Devos possui grande talento para a construção de belos planos fixos, não há dúvidas. O diretor mostra os jovens andando de bicicleta ao crepúsculo, percorrendo trilhas em uma floresta, andando na caçamba de um veículo. O plano-sequência lentíssimo, em câmera fixa, é a arma principal para relatar um tempo que se estica, estica, até o limite do insuportável – tanto para o espectador quanto para o personagem. Compreende-se que o cineasta tente reproduzir na fotografia e na montagem o estado de letargia do protagonista, mas ele não fornece o menor recuo, ou qualquer alternativa, à estética lânguida, mórbida, em que longos... planos... não... revelam... quase... nada.
Violet constitui um desses prazeres sofisticados e herméticos, do filme pelo filme, a arte pela arte. Se há luto, trauma, dificuldade da família ou dos amigos em lidar com a perda, isso não se transmite ao espectador. Afinal, o protagonista, Jesse (César De Sutter), constitui um mero objeto dos enquadramentos, um manequim que posa nas partes adequadas do plano, posiciona a mão no ângulo exato que o diretor pretende enquadrar. Ele não se expressa, nem em palavras, nem em gestos, nada indica um estado psicológico específico, uma reação qualquer. O magro roteiro tampouco traz reviravoltas à situação.

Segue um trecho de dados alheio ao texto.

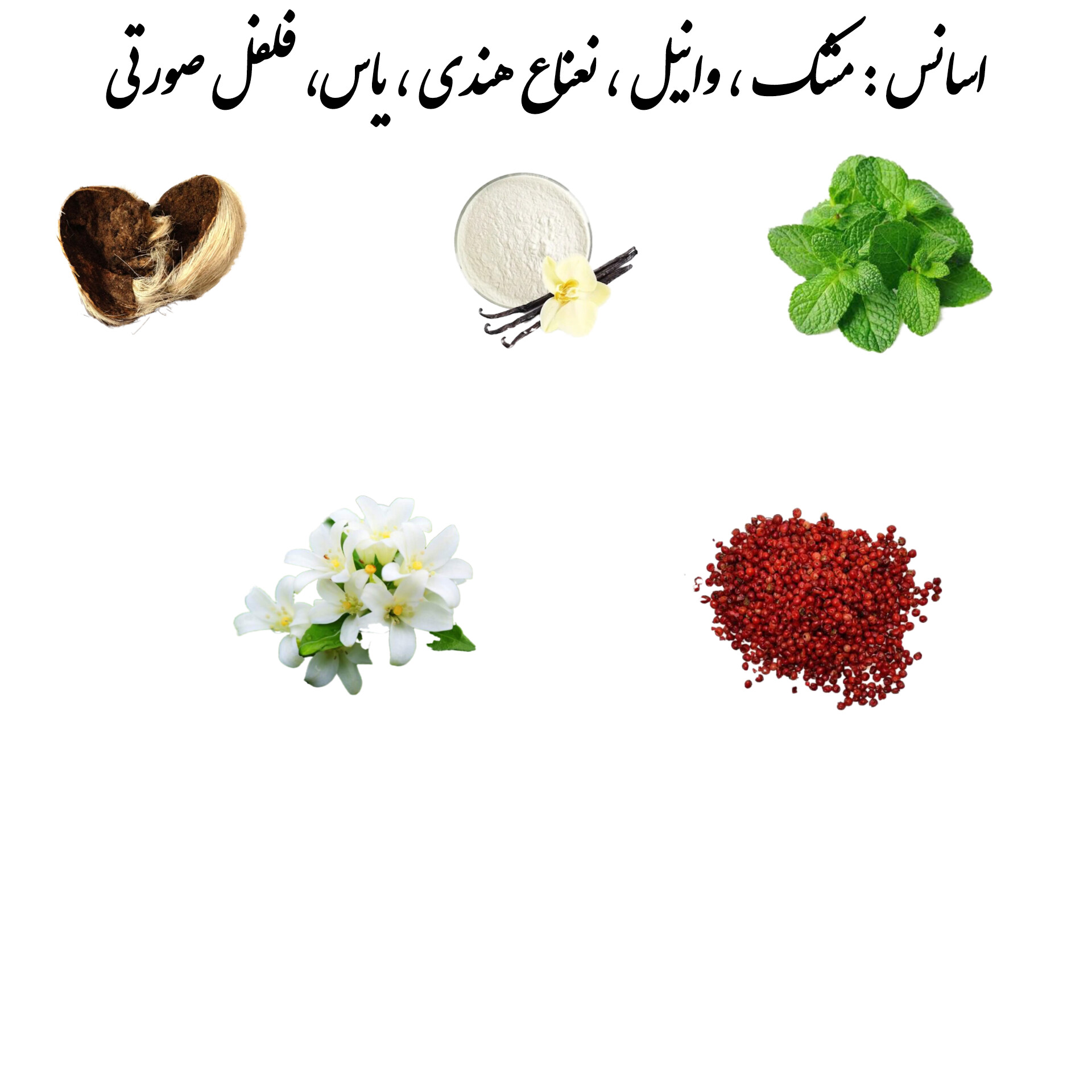 اسانس اولیه : مشک ، وانیل ، نعناع هندی ، یاس، فلفل صورتی.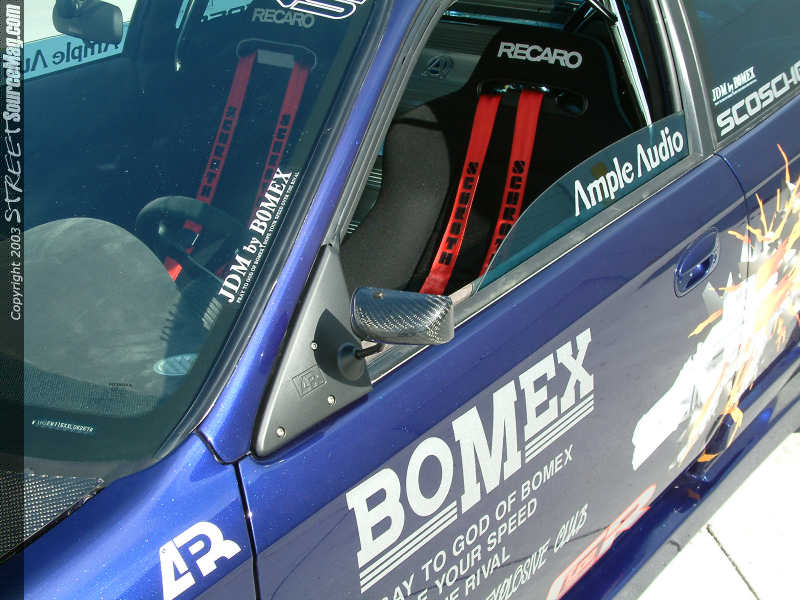 Once the car was striped of the masking tape and buffed to a high gloss, TG Graphics applied Bomex JDM Graphics to the car. To add to the exterior attire a Corvis Aluminum wing and APR Formula 3 carbon fiber mirrors were installed. To ensure proper lighting at night a set of Phillips HID conversions were installed.

Talvez o filme funcionasse melhor como colagem de momentos abstratos, ou sucessão de fotos estáticas ao invés de uma narrativa linear, porque a imagem não está a serviço da narrativa, e sim, a narrativa está tentando rechear os planos rebuscados do cineasta. Essas imagens corresponderiam melhor à atmosfera de um museu ou galeria de arte, onde a busca formal se justificaria mais facilmente. Mas fica difícil imaginar Violet exibido no circuito comercial brasileiro, por exemplo.
Ao menos Violet não deve deixar nenhum espectador indiferente, já que impressiona tanto por boas quanto por más razões. Trata-se de filme lindíssimo, mas assustadoramente entediante e vazio. A perversa beleza da obra foi obtida às custas da história, dos personagens, do luto. Como um rolo compressor, Devos sacrificou o potencial de comunicação de seu filme para se restringir à sedutora superfície.